Nicht minder effektvoll, aber deutlich ausgewogener im Klang präsentierte sich nach der Pause Antonín Dvořáks Symphonie Nummer neun „Aus der Neuen Welt“. Ein weiterer Klassiker, der seine Open-Air-Tauglichkeit vielfach bewiesen hat und von den beteiligten Orchestern auch auf dem Odeonsplatz in regelmäßigen Abständen immer wieder gern hervorgeholt wird. Aber warum nicht? Das Werk ging den Philharmonikern überaus locker von der Hand. Und dafür, dass sich keine Routine einschlich, sorgte neben den positiven Energien, die aus dem Publikum aufs Podium hochschwappten, vor allem Dirigent Daniel Harding. Da war dann schnell vergessen, dass auf manchen weit im Voraus gekauften Tickets noch der Name des hinauskomplimentierten Ex-Chefdirigenten Valery Gergiev aufgedruckt war.

Harding, der den Odeonsplatz bereits von drei Auftritten mit dem BR-Symphonieorchester bestens kennt, startete mit sehr zügigen Tempi und gab den Philharmonikern nur wenig Zeit zum Durchatmen. So etwa im intensiv ausgestalteten Largo, das der Dirigent in Vorahnung des rasch einsetzenden Beifalls nahtlos an die expressiven Schlusstakte des ersten Satzes anschloss, um den Spannungsbogen nicht abreißen zu lassen.

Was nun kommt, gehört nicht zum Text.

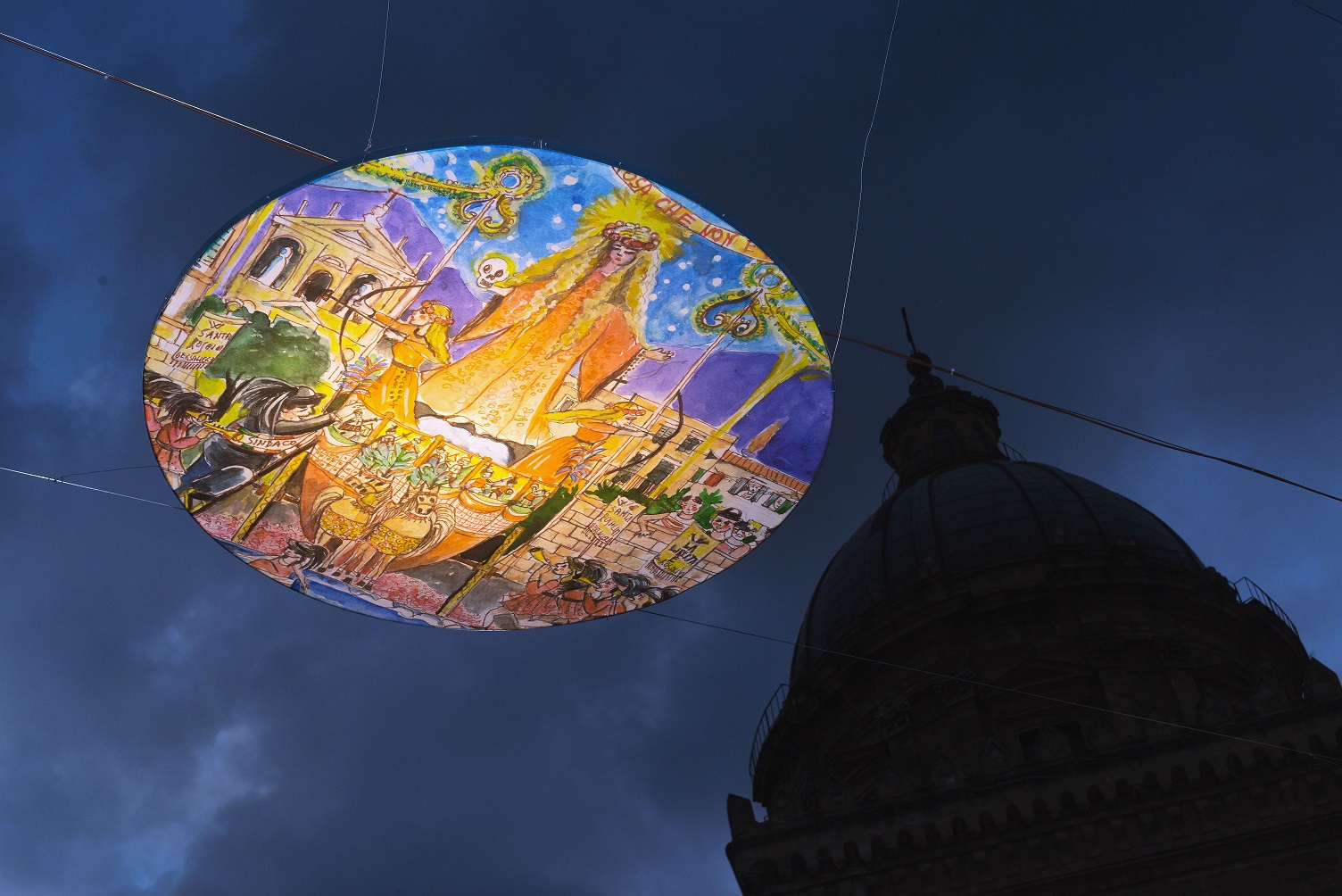 PALERMO (ITALPRESS) – Chi guarderà dal basso sarà preso da una vertigine perchè quei cerchi e cubi che volteggiano in cielo, ti faranno sentire leggero. Chi invece vorrà andare oltre la semplice installazione, si troverà dinanzi un “presepe sospeso” che si immerge nell’iconografia legata a Santa Rosalia, protettrice della città di Palermo, ieri come oggi. Ieri sera sul sagrato della Cattedrale – nella serata che per tradizione è occupata dalle manifestazioni del Festino, e che da due anni ha dovuto rinunciare al tradizionale corteo scenografico, a cui accorrevano diverse centinaia di migliaia di spettatori -, hanno preso vita due diverse installazioni luminose en plein air, riunite sotto il comune titolo, Rosalia, Luce mia, firmato e prodotto da Stefania Morici. Progetti diversi ma complementari, che rendono omaggio alla Santuzza tanto amata dai palermitani. Cubi in enfilade ad introdurre sul sagrato, piatti sospesi come un bosco incantato, figure e focus luminosi: resteranno tutti scenograficamente sospesi fino al 10 settembre, inglobando anche il 4, altra data legata al culto della patrona. Dentro ogni cubo e ogni cerchio, disegni e personaggi nati dalla penna versatile e dagli acquerelli, rispettivamente, di Sergio Caminita (Repetita Iuvant) e Anna Cottone (In Lucem): legato al mondo del design e delle grafica il primo, acquerellista e Urban Sketchers la seconda, uniscono le forze per raccontare la Santa. Che affiorerà dalle facce di ogni cubo, si replicherà decine e decine di volte, pazientemente in attesa che questa città ricominci da dove aveva lasciato prima della pandemia. Dai suoi siti culturali, dalla bellezza delle strade, dai suoi gioielli in chiese ed oratori. Un monito e un invito nello stesso tempo: a vivere piano, godere delle piccole cose, ricostruire la propria vita. Il progetto è di Stefania Morici, che già poco meno di un anno fa aveva firmato un primo omaggio a Santa Rosalia – tanti cuori di Angelo Yezael Cruciani, pronti a formare un’enorme rosa, sul sagrato della Cattedrale – e, da lei, a tutti coloro che lottano per il cambiamento. “Un’installazione di luci e colori che dialoga con le bellezze della Cattedrale – dice – Il dono, mio e dei due artisti, rappresenta la speranza. Santa Rosalia abbraccia Palermo e i suoi cittadini con la sua luce ed il suo amore”. Rosalia, Luce Mia è prodotto e organizzato da Cialoma eventi, Associazione Arte mediterranea e Arteventi di Stefania Morici, sostenuto da Io Compro Siciliano. Con il patrocinio del Pontificio Consiglio della Cultura del Vaticano, Arcidiocesi di Palermo, Assemblea Regionale Siciliana, l’assessorato regionale del Turismo, Sport e Spettacolo, Assessorato comunale alle CulturE, Fondazione Sicilia; Settimana delle Culture, Fondazione per l’Arte e la Cultura Lauro Chiazzese. In collaborazione con RISO – Museo d’arte contemporanea della Sicilia, CoopCulture, Cassaro Alto, Officine Creative. Progetto dell’allestimento di FDR Architetti di Agostino Danilo Reale, allestimenti realizzati da I Dock, collaborazione tecnica di Hafa Comunicazione. Con il sostegno di Ted, Grasso occhiali, Luan. “Siamo orgogliosi di essere presenti promuovendo l’arte attraverso un’installazione unica dedicata alla Santuzza che illuminerà, vigilerà e proteggerà l’estate dei palermitani”, dice Davide Morici, fondatore di #iocomprosiciliano. Supporto di Cettina Giaconia, imprenditrice e consulente d’impresa, e sostegno del Comune. “Grazie alla sensibilità artistica e umana di Stefania Morici, nasce un racconto artistico per luci e immagini che è conferma di fede e fiducia nella possibilità di liberarci, ancora una volta da ogni peste” dicono il sindaco Leoluca Orlando e l’assessore alle CulturE, Mario Zito. Al progetto collabora anche la Fondazione Sicilia, presieduta da Raffaele Bonsignore, che spiega come “La devozione che da secoli lega i palermitani a Santa Rosalia è riuscita a emergere anche in questi ultimi anni funestati dalla pandemia”. E da ieri nelle vetrine sul Cassaro di RISO – Museo d’arte contemporanea della Sicilia, e in collaborazione con CoopCulture che gestisce i servizi del museo, verranno esposti sei “taccuini d’arte” di Anna Cottone, un cartellone che ricalca quello dei cantastorie con la vita di Rosalia, e un teatrino in cartone, accompagnati sempre da un cunto in dialetto siciliano. Un’immersione a 360 gradi nel mondo della santa eremita, un lungo racconto per immagini acquerellate, che Anna Cottone porta già avanti da diversi anni. E che raffigurano un vero e proprio viaggio dentro il Festino.

Keine Angst vor großen Gesten ebenfalls im Scherzo, das neben den mit Nachdruck agierenden Streichern auch die Holz- und Blechbläser in Hochform zeigte. Wie sich bei diesem slawischen Abend auf der Zielgeraden noch der gute alte Johann Strauß junior mit der „Tritsch-Tratsch-Polka“ unter die Zugaben schleichen konnte, wird wohl das Geheimnis des Dirigenten bleiben. Aber was bei den Wiener Kollegen funktioniert, verfehlte auch hier nicht seine Wirkung und ließ das Publikum beschwingt durch die Nacht nach Hause ziehen.